К этой, важнейшей цели Сципион шел весьма уверенно. После его атаки из засады, пунийцы забыли гонор и теперь уже не столько думали о приобретениях, сколько чаяли сохранить то, чем обладали.

Заседание было отложено до прихода делегации из Лептиса. А когда, наконец, прибыла третья сторона и получила слово, всем сразу стало ясно, что пунийцы, делая накачку своим вассалам, слишком переусердствовали. Представители Лептиса рьяно, без какой-либо оглядки на собственную родину, отстаивали интересы Карфагена и тем самым выдали и себя, и карфагенян, обнаружив перед окружающими тайный сговор.

Сципион изобразил возмущение и потребовал организовать выездную комиссию на место событий, чтобы опросить простых жителей и выяснить их отношение к карфагенянам и нумидийцам. Пунийцев охватил ужас, когда они представили, как попранные ими ливийцы будут характеризовать пришлых господ, и они сделались еще покладистее. В это время нумидийцы украдкой стали намекать им, что они смогут договориться с Масиниссой о спорных землях без участия не в меру дотошных римлян, если только не будут очень скупиться. Как только речь зашла о торге, карфагеняне почувствовали себя в родной стихии и приободрились.

Теперь пунийцы хотели поскорее отделаться от римлян и потому предложили не принимать сейчас окончательное решение по рассматриваемой проблеме, чтобы «получше изучить ситуацию». Полагая, что римляне могут не удовлетвориться таким итогом совещания, пунийцы принялись всячески их благодарить и хвалить перед народом за будто бы оказанную ими помощь в состоявшемся примирении с нумидийцами.

В итоге, Сципион, встреченный в Карфагене как герой, и покидал город героем.
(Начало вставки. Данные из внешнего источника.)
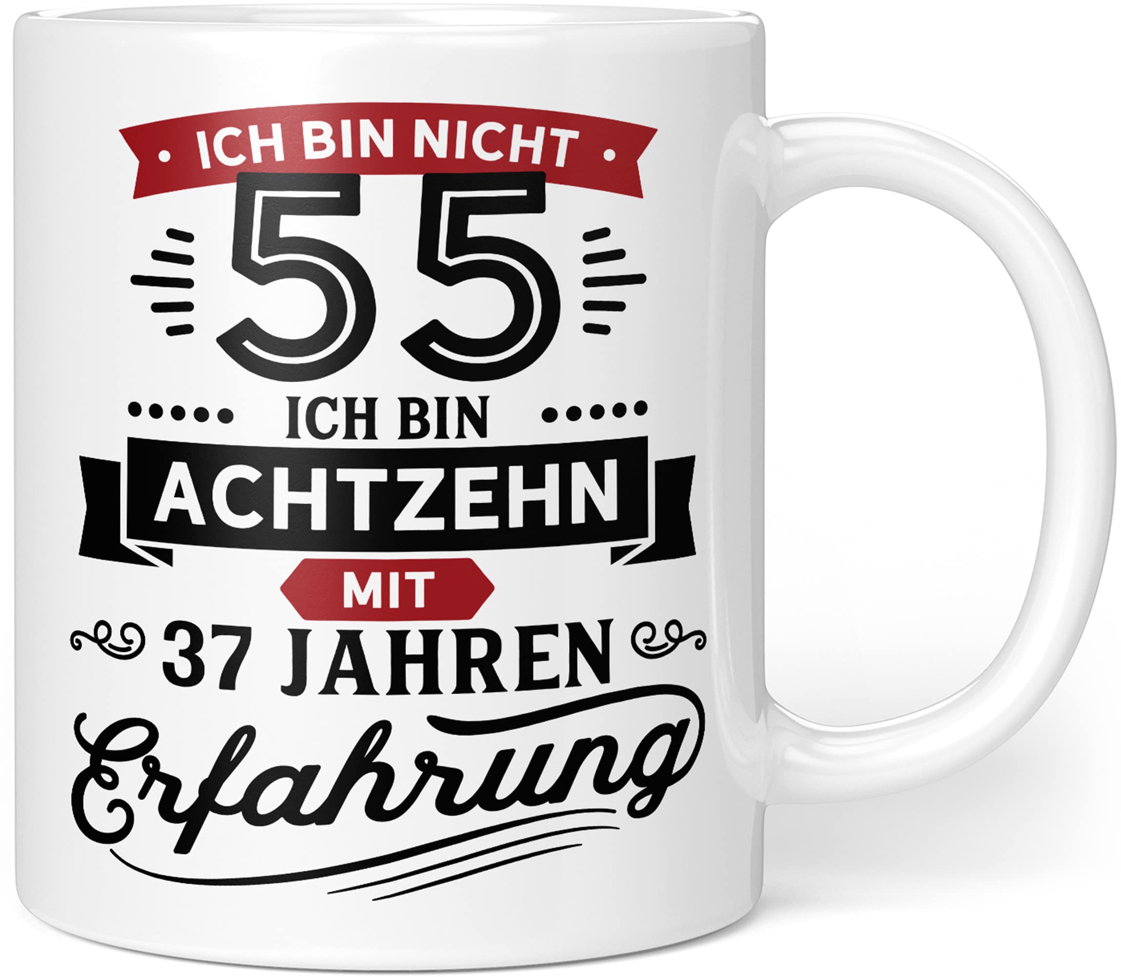 Die Orange9 Geburtstagstasse bringt einen lustigen Ansatz für einen besonderen Geburtstag. Der Spruch „Ich bin nicht 55 – Ich bin 18 mit 37 Jahren Erfahrung“ ist auf der weißen Keramikoberfläche rundum bedruckt. Die Tasse wirkt hochwertig verarbeitet und kommt in einer stabilen Verpackung an.
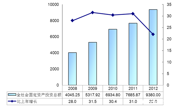 图 4 2008- 2012年固定资产投资总额及其增长速度
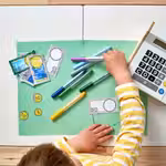 В комплекте прилагаются игрушечные деньги и две кредитные карты, которые ребенок может самостоятельно вырезать и раскрасить в свои любимые цвета.
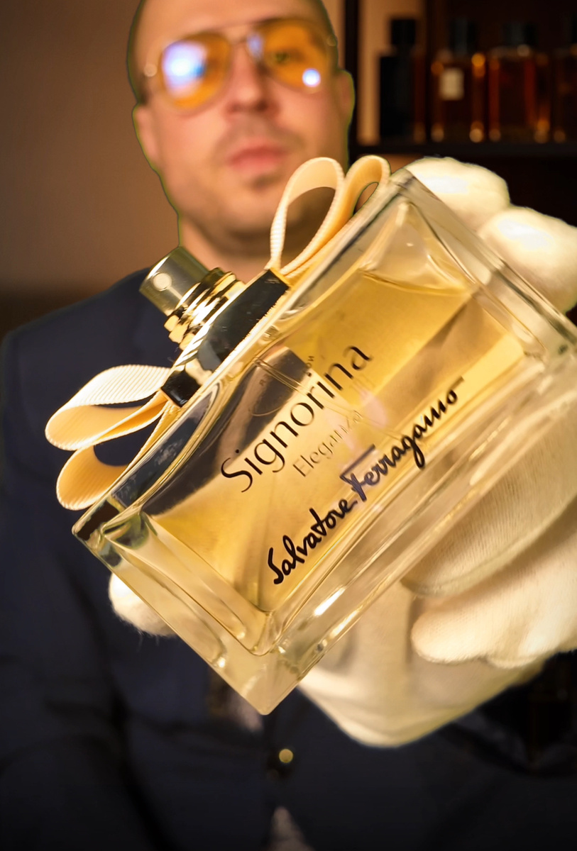 Запах из детства, который бьет в сердце. Представьте: вечер, бокал вина, смех... Моя подруга неожиданно замирает, принюхивается к моему запястью — и вдруг у нее наворачиваются слезы. «Это же... бабушкины духи! Точь-в-точь!» Размазанная тушь, неловкое молчание... А виновница — Signorina Eleganza от Salvatore Ferragamo. И знаете что? Она не одна такая. Выпущен: 2014 год. Автор: Гений парфюмерии Sophie Labbe . Пирамида: Верх: Сочная груша + горьковатый грейпфрут. Не кислый лимон, а именно благородная горечь, как у дорогого шампанского. Сердце: Османтус (представьте абрикос, залитый медом) + миндальная пудра. Не марципан, а легкая, почти "пыльная" нежность. База: Пачули (не грязь, а шелк!) + белая кожа. Шипровая основа, но без тяжести . Фишка аромата: Его создали как «взрослую» версию игривой Signorina 2012 года. Элегантность здесь — не скучная, а с капризной ноткой. Будто строгая юбка-карандаш... но с дерзким разрезом . 1. Триггер памяти: Османтус + миндаль — редкий дуэт. У многих
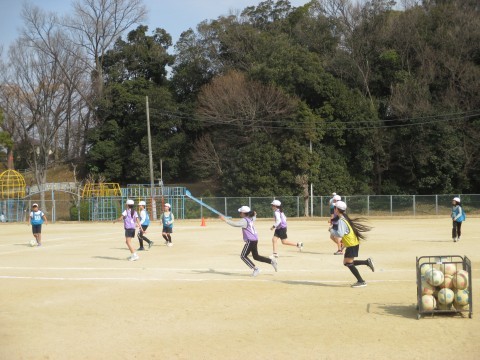 体育では,サッカーをしました。チームに分かれて,声を掛け合いながらボールを追いかけていました。
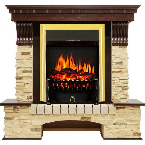 Каминокомплект Pierre Luxe - Темный дуб / Сланец с очагом Fobos FX Brass
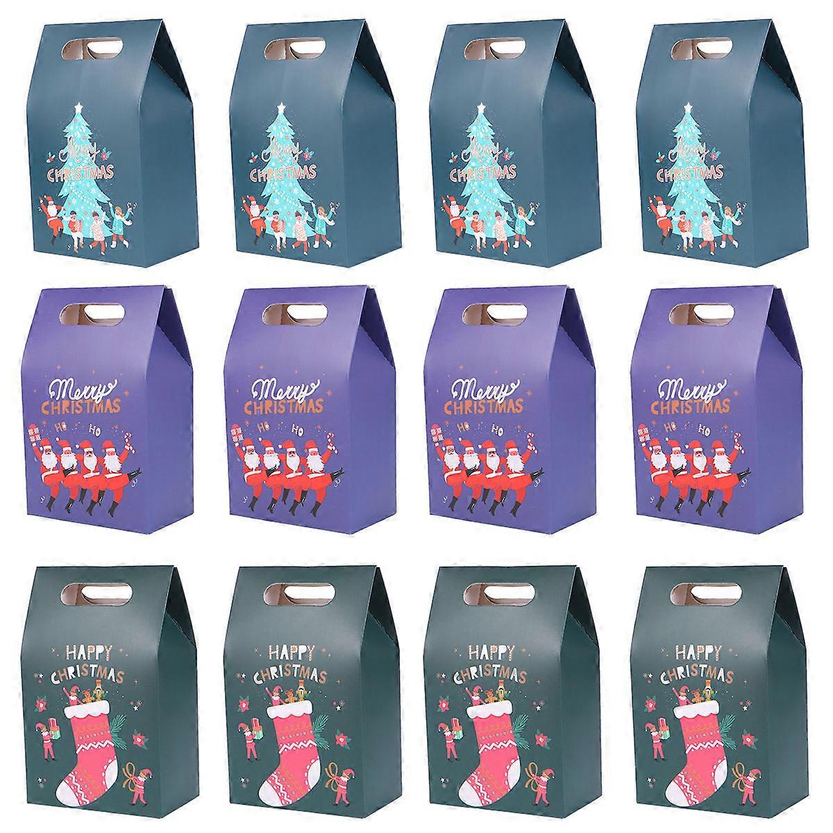 These Candy boxes can be used for wrapping candy or goodie. Perfect for giving out party favors and small gifts like: candy, cookies, snacks, chocolates and more. Great for Christmas party. Features -Color: Assorted Color -Material: Paper -Size: 16.00X10.00X6.00cm/6.29X3.93X2.36in - Environmentally friendly and degradable materials, safe to with food. - 3 types of 4 boxes, 12 boxes in total, to add fun to your party. - Perfect for packaging Christmas gifts for your family members, children, friends, etc. - Lovely shape and appearance, make your party gifts different from other families. - Use ribbons for embellishment and decoration to make the box more. Package list: 12 x Candy boxes
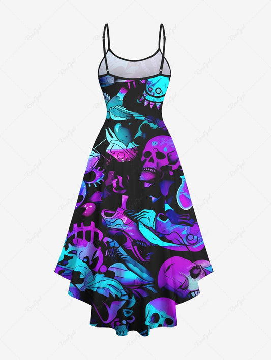 Plus Size Skull Bird Graffiti Print High Low Asymmetric Cami Dress
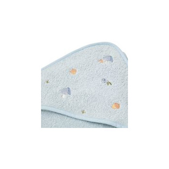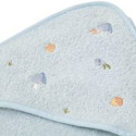 Conçue à la fois pour être pratique et charmante, la capuche douce assure sécurité et confort en maintenant la tête de votre bébé au chaud après le bain. La couleur bleu clair de la serviette est à la fois apaisante et élégante, tandis que la capuche est décorée de jolis champignons brodés issus de la collection Forest Friends, apportant une touche naturelle et féérique.

Он достиг поставленной перед его посольством цели, причем сумел повернуть дело ко всеобщему удовольствию, так, что пунийцы, ничего не добившись, были довольны результатом переговоров и изъявляли ему искреннюю признательность, ибо он не навредил им, хотя выявил немало возможностей для этого. Но при всем том, у Публия было скверно на душе, когда он взошел на палубу своей квинкверемы.
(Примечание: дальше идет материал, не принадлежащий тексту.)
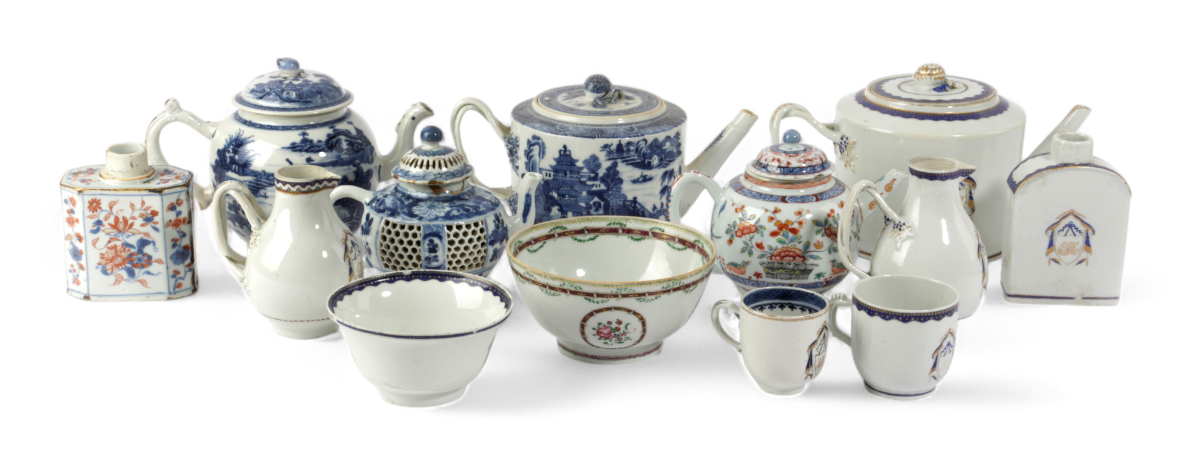 to include a part armorial tea set, other teapots and covers, tea canisters and bowls (13)
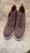 Stylish taupe suede booties with side zipper. Perfect for any outfit.
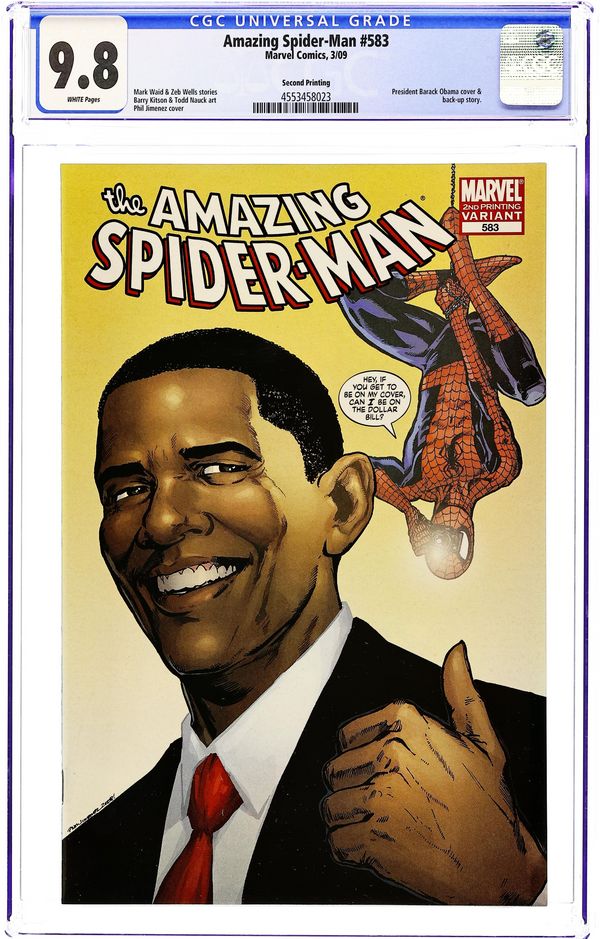 Ended Apr 30 2025 Winning Bid $32 2ND PRINTING - Special Obama Variant Cover of Amazing Spider-Man! Spidey meets President Barack Obama - Written by MARK WAID, Pencils by BARRY KITSON, Cover by PHIL JIMENEZ. YOU ASKED FOR IT, YOU GOT IT! PETER PARKER ON A DATE! After the revelations of 'Mind on Fire', love is in the air for more than one member of the cast and Pete finally gets some time out with the ladies. (and who better to bring it to you than two men who both had dates as recently as 1987!) Amidst the romance though, forces are gathering that will spell trouble for Peter in the months to come. From Marvel Comics. Also to celebrate the inauguration of Barack Obama, Marvel proudly presents this new printing of Amazing Spider-Man #583 with an all-new bonus story teaming one of the world's most recognizable political figures with the world's greatest super-hero! Written by Zeb Wells with art by Todd Nauck & Frank D'Armata, the new story takes place in Washington, DC on Inauguration Day as one of Spider-Man's oldest foes attempts to thwart the swearing in ceremony of the 44th President of the United States! 44 pgs. Cover price $3.99. Grade: CGC 9.8 explanation of grade Condition: Used (collectible)
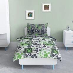 Immerse yourself in the Minecraft universe with our Official Minecraft Coverless Duvet Set. This innovative bedding set, featuring the iconic Minecraft design, includes a 10.5 Tog duvet that provides warmth year-round. Its coverless design means no more struggling with duvet covers – simply wash the entire duvet and matching pillowcase. Made from high-quality, durable materials, this set includes a reusable carry bag for easy transport. It’s a stylish and functional addition to any Minecraft fan’s room.
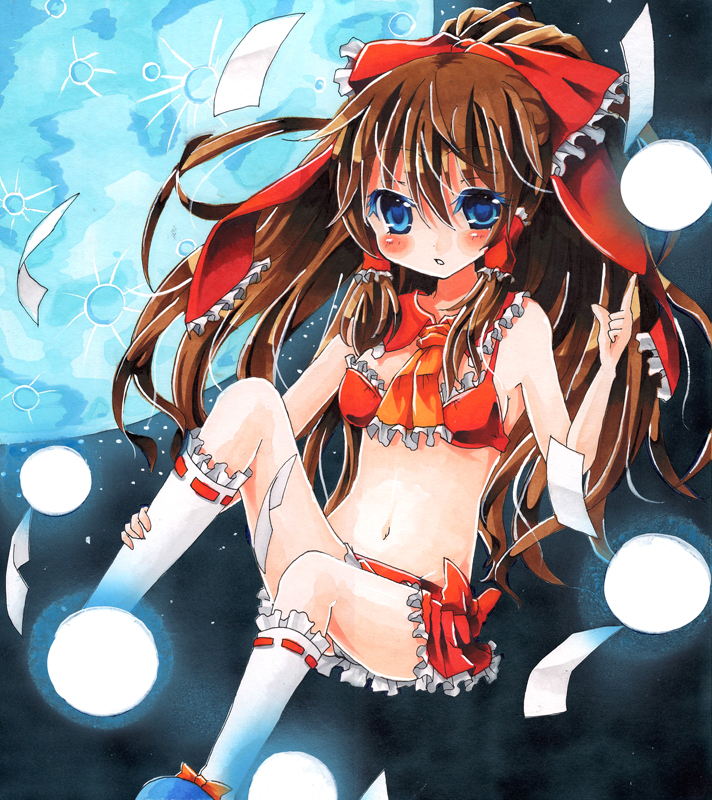 blue eyesblushbowbrown hairfemalefemale onlyFlag for Deletionhair tubeshairbowhumanleggingslong hairlooking at viewermidriffskirtsolo

С точки зрения большой политики его поведение было безупречным как по применяемым средствам, так и — что самое главное — по своим целям. Да, он создал этот конфликт между Нумидией и Карфагеном, а теперь сделал его затяжным, как хроническая болезнь, однако при этом все заинтересованные стороны по большому счету только выиграли: Рим избавился от потенциального врага в лице Карфагена, Нумидия получила новые земли и военную добычу, а Карфаген, понеся некоторый ущерб, избежал гибели, неминуемой для него в случае третьей войны с Римом. Издержки формы исполнения своего замысла в виде двуличия и коварства Публий мог отнести на счет несовершенства ойкумены и утешиться тем, что ныне его деятельность более гуманна, чем пять-десять лет назад, а значит, мир, следуя выработанной им идеологии, движется к более разумной организации. И все же любой пунийских простолюдин, узнав всю правду, сказал бы, что Сципион обманул его, а потому воспоминания о восторгах карфагенского плебса, провожавшего делегацию рукоплесканиями, являлись Публию укором.